Request a Feature from Your AI on Mac
Submit feature requests to the LMCP team straight from Claude, ChatGPT or Cursor on your Mac. Ask for a new tool, app integration, or capability in plain English.
The request_feature tool lets you tell the LMCP team what you wish your AI assistant could do — a brand-new capability, a tool that doesn't exist yet, or an app or integration you'd love to see supported. Instead of hunting for a contact form, you just ask your AI in plain language and it files the request for you.
A concrete example you can type right now: "Request a feature: add a tool that exports my Apple Notes folders to Markdown files in a folder I pick." Your AI captures the idea, structures it, and submits it to the LMCP team through request_feature — no email, no GitHub account, no leaving the chat.

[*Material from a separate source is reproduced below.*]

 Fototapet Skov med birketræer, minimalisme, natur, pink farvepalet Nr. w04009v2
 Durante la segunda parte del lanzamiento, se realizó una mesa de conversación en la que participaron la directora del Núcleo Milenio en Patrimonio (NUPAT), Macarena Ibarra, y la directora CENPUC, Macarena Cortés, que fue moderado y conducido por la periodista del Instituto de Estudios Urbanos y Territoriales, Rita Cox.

LMCP is a free, native macOS MCP server with 150+ tools that let AI assistants use your real Mac apps locally. Download LMCP to get started.
Which AI agents work?
request_feature works across every major AI client that speaks the Model Context Protocol:
- Desktop clients — Claude Desktop, Cursor, VS Code (GitHub Copilot), Windsurf and Zed auto-configure through a local stdio connection. LMCP wires itself in and the tool appears automatically.
- Web AIs — ChatGPT, Claude.ai (web), Grok and Perplexity connect through the LMCP Cloud Relay connector, so you can file feature requests even from a browser tab.

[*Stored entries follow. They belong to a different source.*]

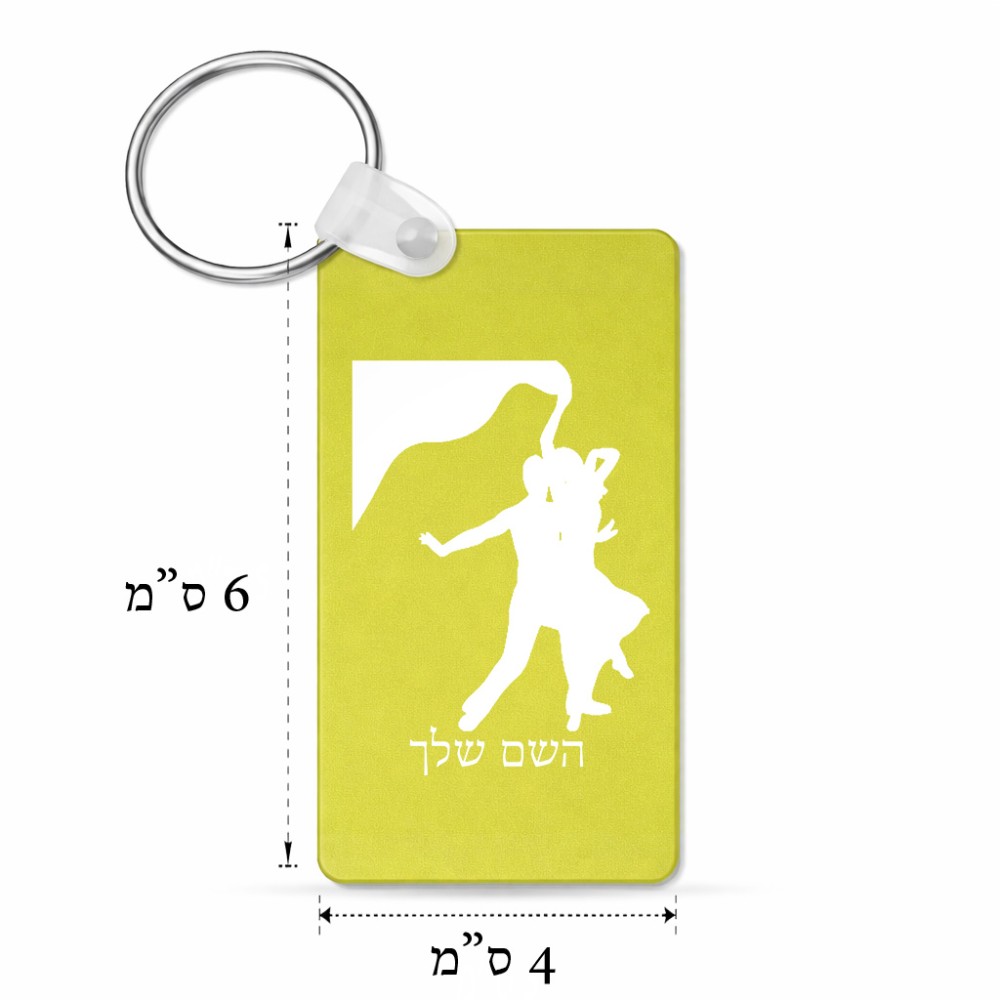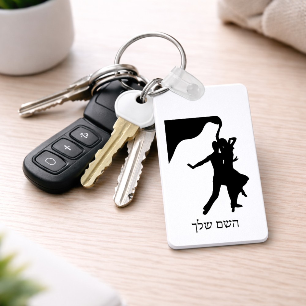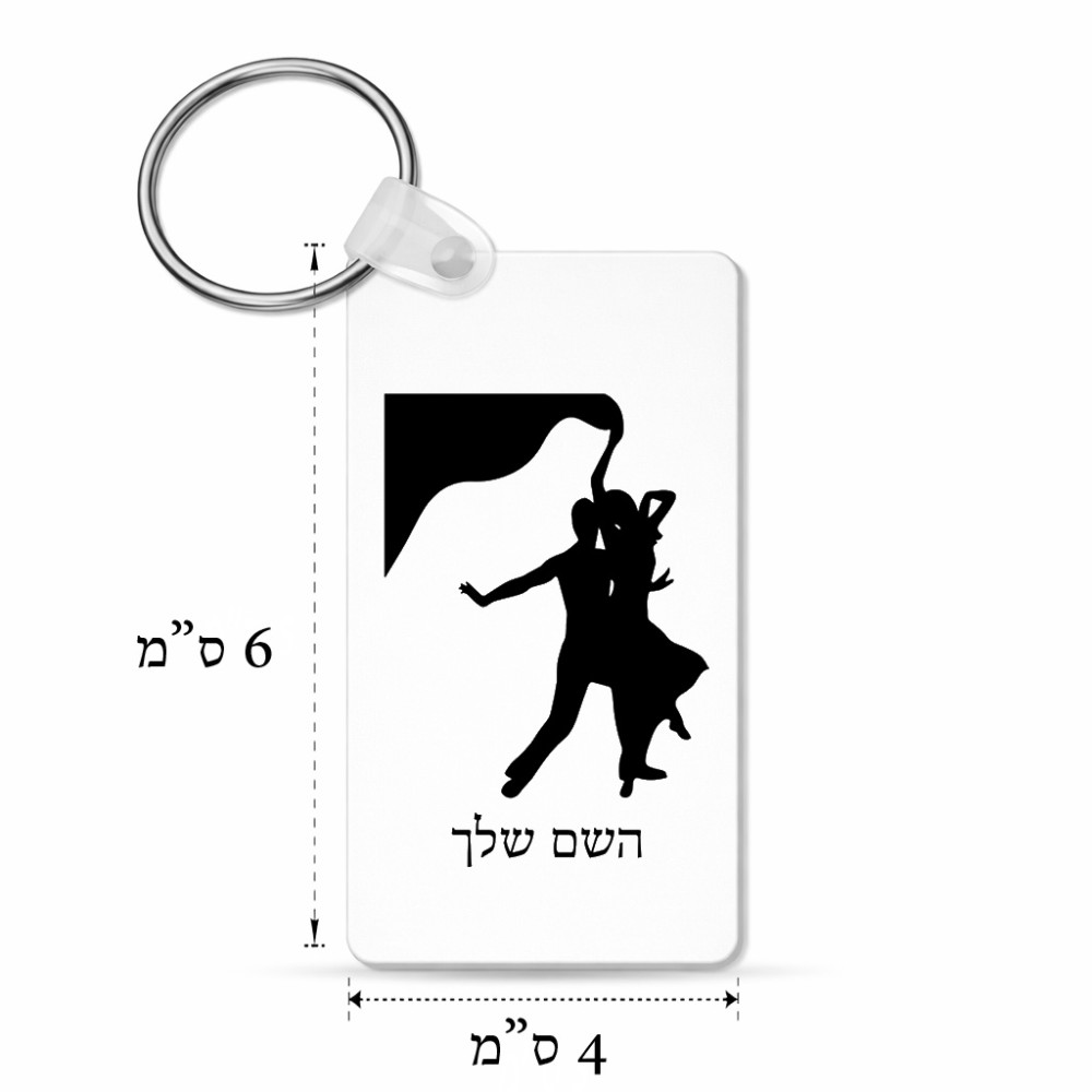 מחזיק מפתחות בצורת מלבן בעיצוב אישי עם השם שלך בעיצוב אישה רוקדת עם גבר גודל המחזיק 6 × 4 ס"מ. את השם המבוקש ניתן לציין בהזמנה, אם לא צויין אנחנו ניצור קשר לבירור.
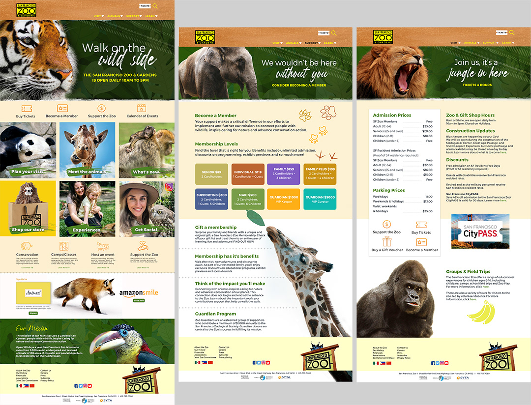 The assignment was to give the San Francisco Zoo website a visual design refresh. This would be achieved by defining a new design language and applying the four attributes of good design (Contrast, Repetition, Alignment and Proximity). I selected three pages: Home, Member and Tickets to redesign.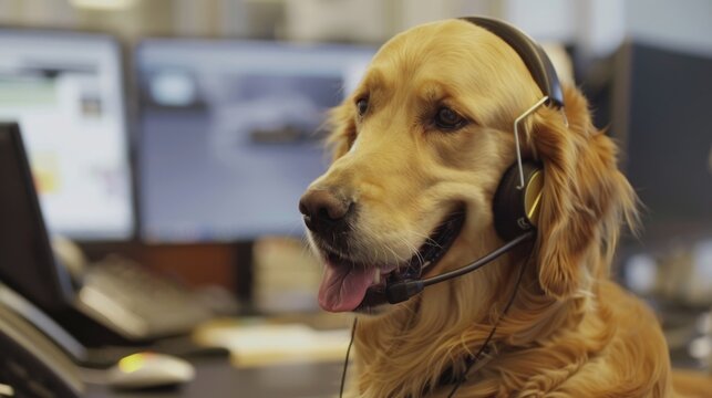 Golden retriever with a headset on in a professional setting. Dog acting as a customer support agent. Pet in the workplace bringing joy and assistance.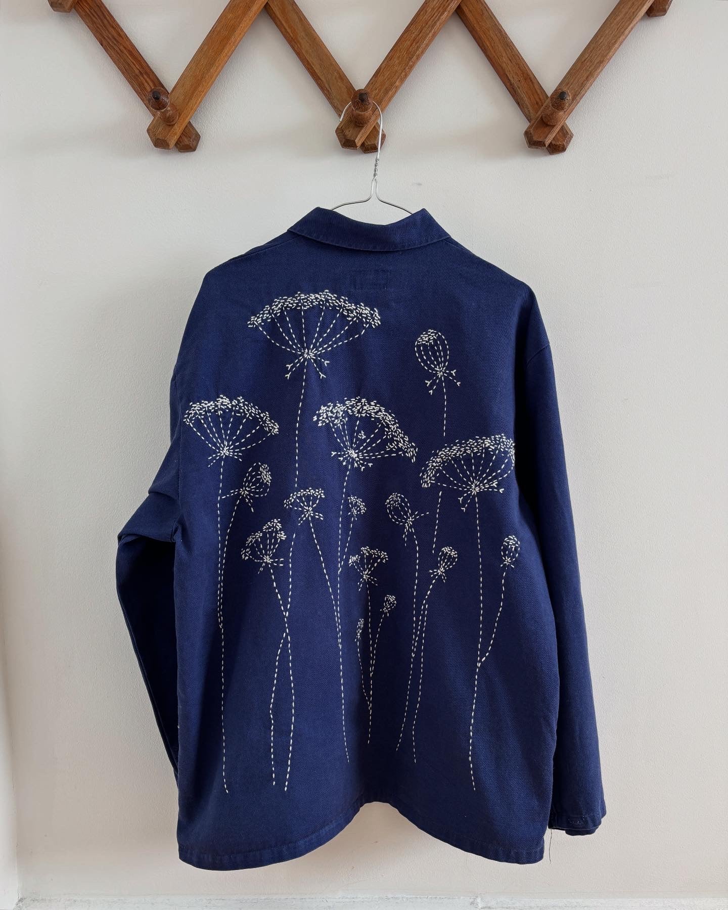 Brugt arbejdsjakke med Frihåndsbroderet vild gulerod

Whichever client you use, the request lands in the same place: the LMCP team's backlog.
Automation
request_feature is most powerful when chained with other LMCP tools. Hit a wall mid-workflow — say your AI tried to read a calendar attachment and the capability isn't there yet — and you can immediately follow up with "file that as a feature request" without breaking your flow. Your AI can summarize what it just attempted, what was missing, and submit a precise, context-rich request in one step. It can also batch several wishes from a single conversation into separate, well-described requests.
Context
Because LMCP runs on your Mac, your AI already sees your real data — your Mail, Calendar, Contacts, Notes, Reminders, Messages, Finder files and more. That means when you describe a missing feature, the AI understands the actual apps and workflows you use. A request like "I want this to also cover my work calendar" carries real meaning, because the assistant knows which calendars you have. The result is feature requests grounded in your genuine day-to-day setup, not vague guesses.
Productivity
Filing feedback usually means stopping, switching apps, finding a form, and re-explaining context you just had in your head. request_feature collapses that into a single sentence. You stay in the conversation, the AI does the writing, and a clear, actionable request reaches the team in seconds instead of minutes. Over time, that low friction means your real needs actually get heard — and shipped — instead of being forgotten the moment you close the chat window.
Privacy & GDPR
Everything LMCP does runs locally on your Mac. There are no API keys to paste, and your apps, files and personal data are never copied to a server. When you submit a feature request, only the description you choose to send leaves your machine — your underlying Mail, Calendar and Contacts stay put. This is privacy by design: GDPR-compliant by architecture, because there's no cloud copy of your data to leak in the first place.